Girls such as myself face a new enemy...a threat to our survival, a challenge to our existance. And the name of that threat is the bimbo. Clever, lady-like, witty are good descriptors of what is apparently "out" in a female these days. Apparently our ability to discuss current events and sports and drink a beer without wailing the college mating call of "Oh gawd...I'm sooooo drunk. I'm soooo drunk" (which isnt' even in our vocabulary thankyouverymuch) has fallen out of favor with the men-folk. It seems that now a pair of tits in a tight tank top and a heavy, heavy asskissing is now the way to snare favor. For those keeping a scorecard note that sitting with spread legs and cackling like a hyena is now all the rage. Note, however, that keen social commentary and having the testicular fortitude to disagree with a man is not. I don't loathe the bimbo because I am jealous of the attention she gets, I loathe her because she makes it difficult for guys-gals to enjoy an evening with friends. Try holding a conversation with someone getting a lapdance...that's kind of what it's like when a bimbo is near. Then again, I guess I'm just bitter that suddenly all of the hard work I've put into being cool, intelligent, and witty is suddenly invalided by a bluthering idiot with her tits hanging out. I'm last year's model but I don't think I'm going to take it. Are you?

Monday, August 02, 2004

Home and Homeliness

I never realized how ghetto my hometown has become until this, my most recent trip home. Seeing as how my parents technically live out of town (by 80 feet, if you want to get technical), unless I actually venture into city limits, I can go an entire visit and not actually see the town. But last night, when we decided to have family pizza and movie night, I went to the video store and realized I was surrounded by dirty, mean, and possibly high people. No longer do I recognize anyone (both good and bad...first time ever more bad than good) and I've noticed a larger than usual influx of St. Louis people for the summer, which tends to bring inflated gas and grocery prices as well as an increased incidence of opportunistic crime. This means that once I return to Murray, you'll see me locking things up like crazy...which will likely be nothing unusual. Tomorrow morning, I'm taking Grandpa out for a Chinese buffet lunch. It'll be interesting to see what home looks like in the morning, weekday light.

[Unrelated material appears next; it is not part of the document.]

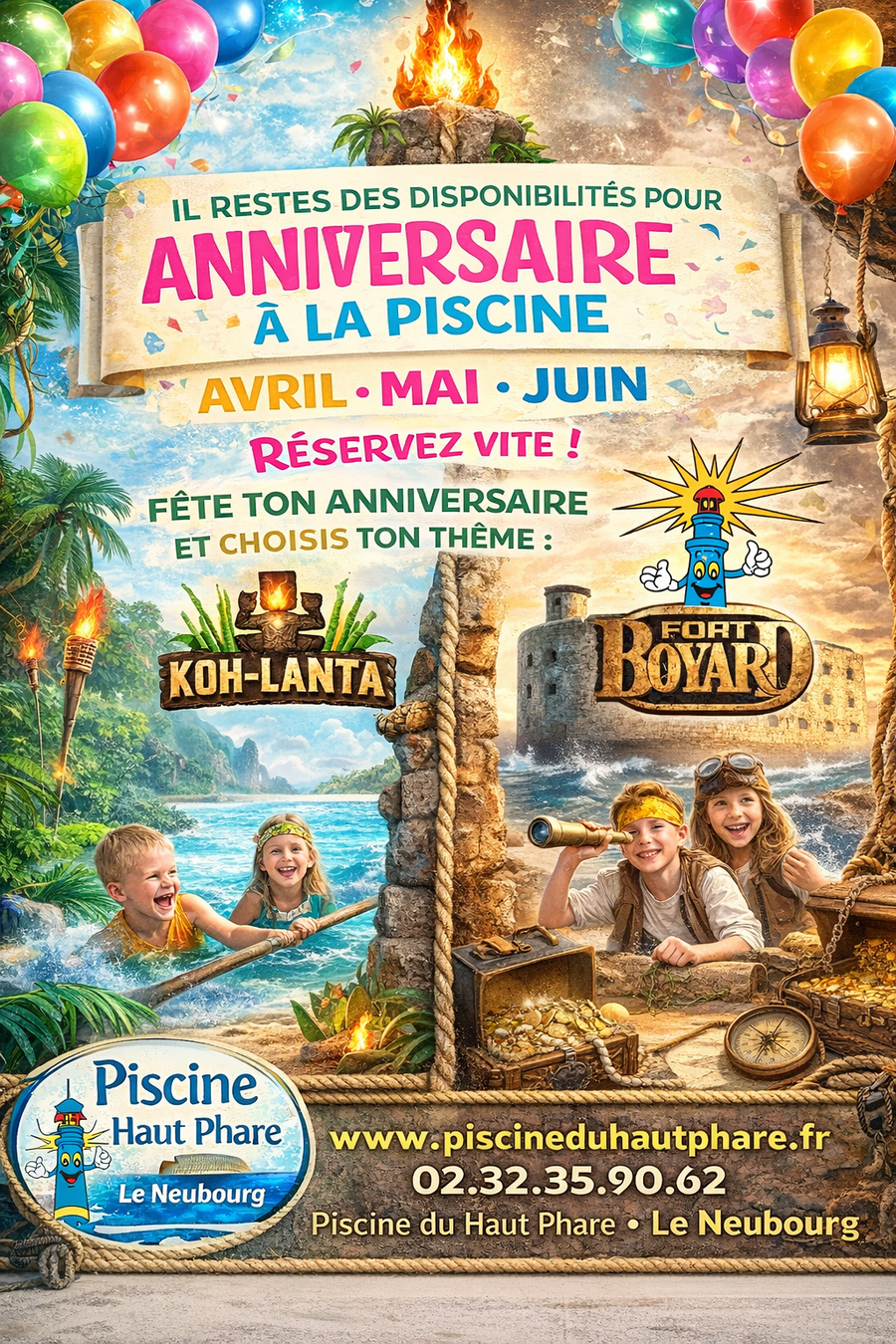 L’anniversaire sera encadré par vos soins sous la surveillance des maîtres-nageurs.

It's always interesting to look through my closet and drawers and the things on my computer to see what I was into/wearing/doing in the past. Going to my room is like opening a time capsule. So far I've remembered that back in the day I really liked Cool Water Perfume (but not the lotions that came with it), Nintendo Power magazines, and Isaak Asimov books. I'm also reading long-since abandoned message boards which are now...let's just say it's obvious why I abandoned them. I've found a bunch of cds and videos (I joined the dvd era long after leaving home) that I wouldn't mind taking back to Murray with me. But tonight, before it gets really later or before I find something to really be embarassed about...like all my Cher cds...I am going to my big, soft, plaid bed.